### TASK DESCRIPTION
Take the line containing "推進員の他、生徒・保護者総勢" and all lines after it, through the end of the material, and repeat them exactly, pictures left out.

### ENTRIES SHOWN
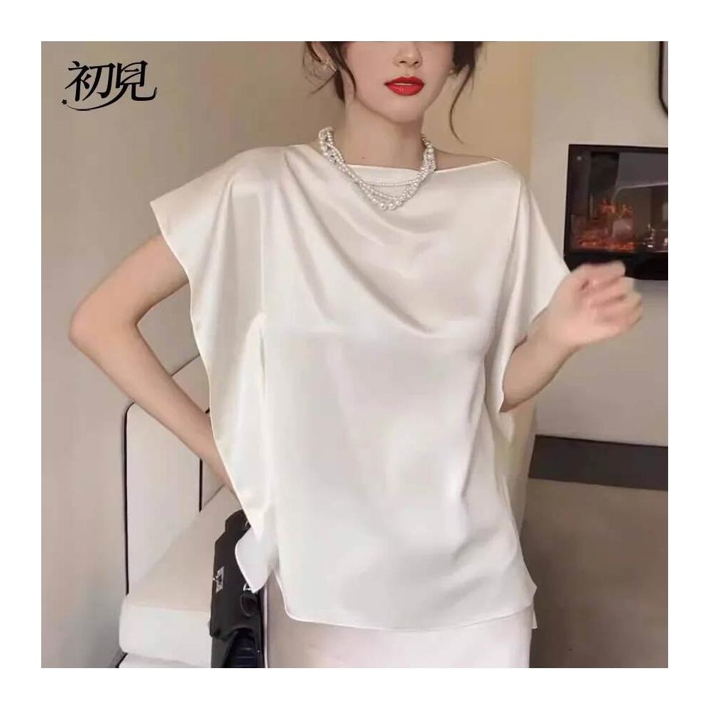 初見 短袖T恤 亞麻上衣 純棉T恤 真絲上衣 女真絲桑蠶絲t恤女夏季新款寬松蝙蝠袖短袖上衣
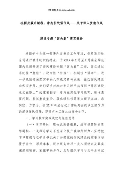 【七哥公文】2025年:【七哥公文】巩固成效启新程,常态长效强作风——关于深入贯彻作风建设专题“回头看”情况报告+更多免费公文+VX:QiGeGongWen2024+更多免费公文+VX:QiGeGongWen2024
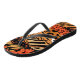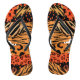 Black flip flops with a wild animal print in orange, tan, brown and black, these are the perfect unique accessory to dress up your outfit for any occasion.
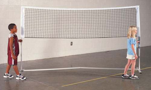 | Takes Portable Netting To A Higher Level Of Quality Deluxe QwikNet is the finest portable net system available. It sets up in either 20 (6.1m) or 10 (3m) configurations at heights of 36 (91.4cm floor-tennis/paddle sports) 61 (1.5m official badminton) and 72 (1.8m junior volleyball). By using structural aluminum we made the Deluxe s frame stronger more rigid and with fewer parts. It assembles in less than a minute holds significantly heavier-duty nets and keeps them perfectly taut at all heights. Two students can easily lift and carry a fully assembled Deluxe QwikNet to where it s needed and then out of the way when the activity has ended. Includes 20 and 10 (6.1m and 3m) heavy-duty nets and carry bag.
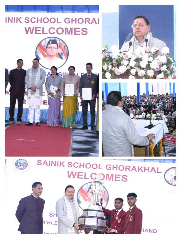 मुख्यमंत्री ने कहा कि ये विशिष्ट विद्यालय आपको सिर्फ किताबी शिक्षा नहीं देता बल्कि आपके व्यक्तित्व तथा भविष्य का निर्माण भी करता है। उन्होंने कहा कि यहां एक अच्छा नागरिक, एक आदर्श सैन्य अधिकारी और सबसे महत्वपूर्ण एक अच्छा एवं अनुशासित इंसान बनने की सीख एवं प्रेरणा मिलती है। उन्होंने छात्रों से कहा कि इस विद्यालय में पढ़ते हुए उनमें कब नेतृत्व, शौर्य और जिम्मेदारी की भावना विकसित हो जाएगी, इसका पता उन्हें इस स्कूल से जाने के बाद लगेगा। क्योंकि ये बात यहां से पास आउट होकर बड़े सैन्य अधिकारी बने बहुत से ऑफिसर्स ने कहीं है व बताई है। उन्होंने कहा कि घोड़ाखाल की मिट्टी में जो जज्बा है, वो यहॉं पढ़ने वाले बाकी छात्रों से अलग खड़ा करता है। यही जज्बा आप सभी को आगे चलकर भारतीय सेना, नौसेना और वायुसेना में श्रेष्ठ अधिकारी के रूप में देश की सेवा के लिए तैयार करता है। उन्होंने कहा कि सैनिक स्कूल घोड़ाखाल ने राष्ट्रीय रक्षा अकादमी (एनडीए) में सर्वाधिक प्रविष्टियाँ देने का रिकॉर्ड भी स्थापित किया है। इस उपलब्धि को हासिल करना और रक्षा मंत्री ट्रॉफी को 10वीं बार जीतना, सैनिक स्कूल घोड़ाखाल के कैडेट्स, शिक्षकों और संस्थान के नेतृत्व की लगन, अनुशासन और दृढ़ संकल्प का परिचायक है।
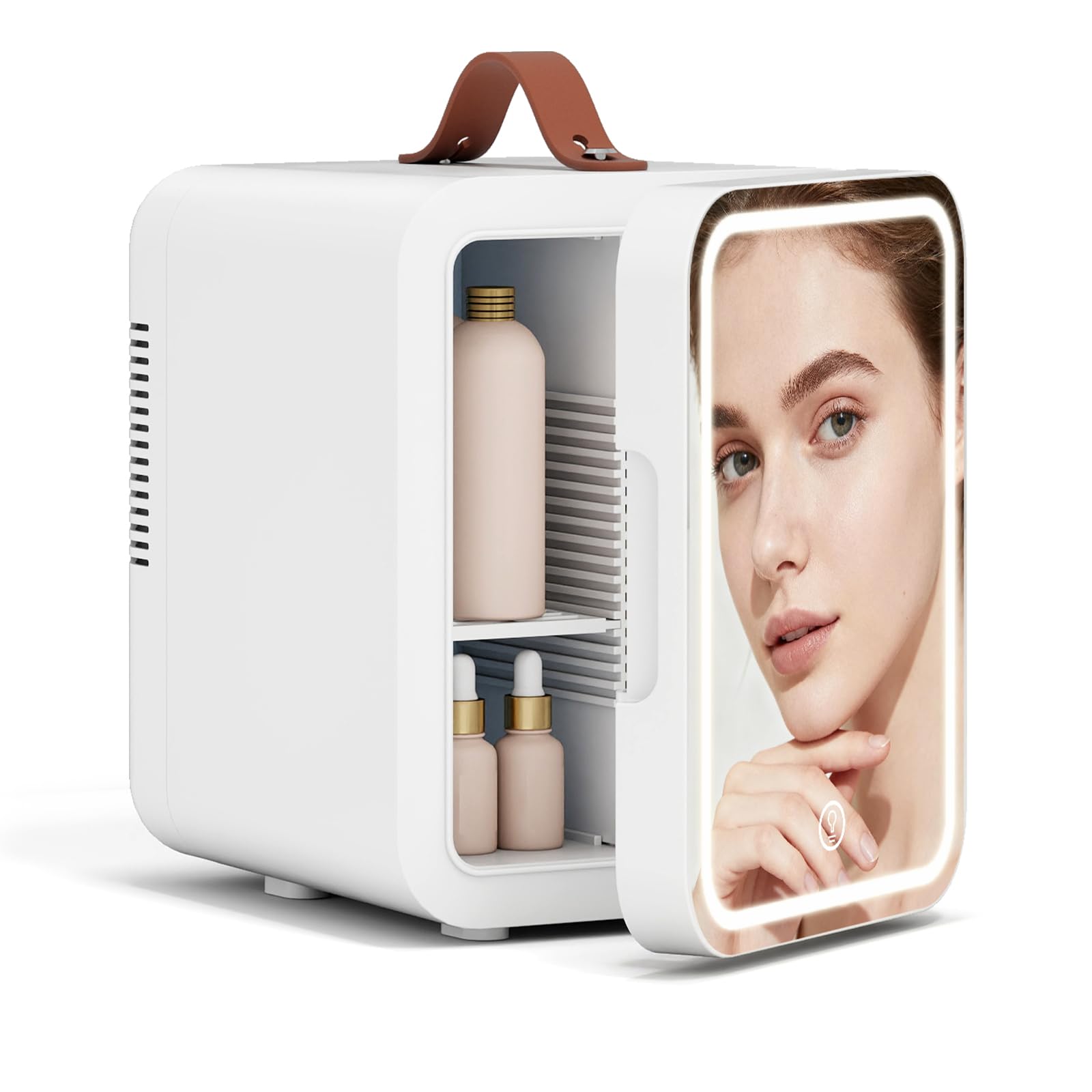 4 Liter Mini Fridge with Dimmable LED Mirror, AC/DC Beauty Fridge with Removable Shelf and Handle, for Makeup and Food, Skincare Fridge for Bedroom, Office, White[Energy Class F] [Energy Class F]
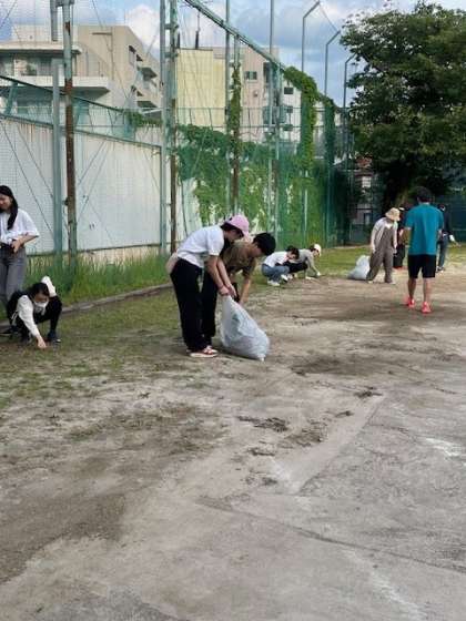推進員の他、生徒・保護者総勢30人以上の方が集まり、トラックの雑草を中心に作業をしました。はじめは日差しも強めでしたが、休憩の水分補給をはさんで再開したころには、日も陰り作業が更にはかどりました。
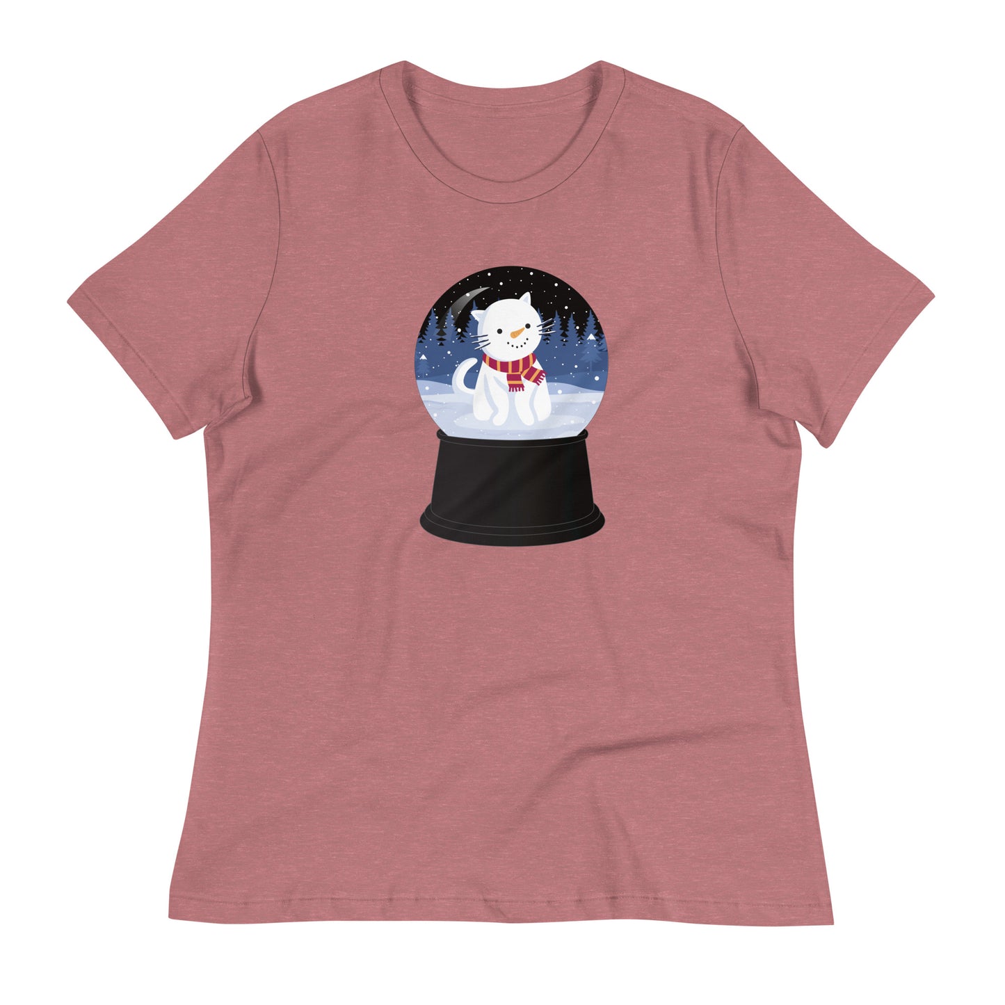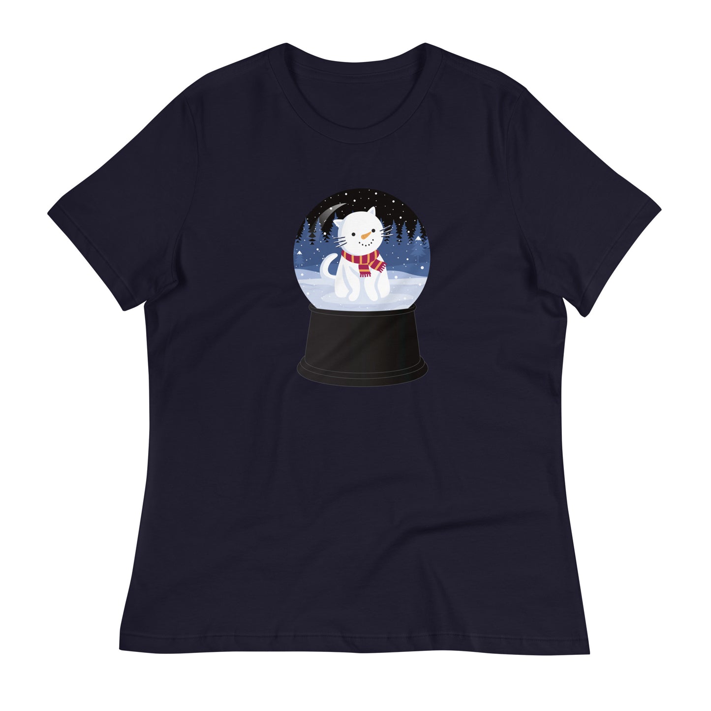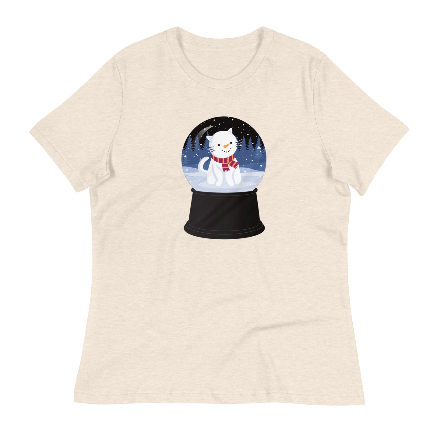Snowman Kitty Snow Globe Women's Relaxed T-Shirt

### RESULT OF THIS EXERCISE
推進員の他、生徒・保護者総勢30人以上の方が集まり、トラックの雑草を中心に作業をしました。はじめは日差しも強めでしたが、休憩の水分補給をはさんで再開したころには、日も陰り作業が更にはかどりました。
Snowman Kitty Snow Globe Women's Relaxed T-Shirt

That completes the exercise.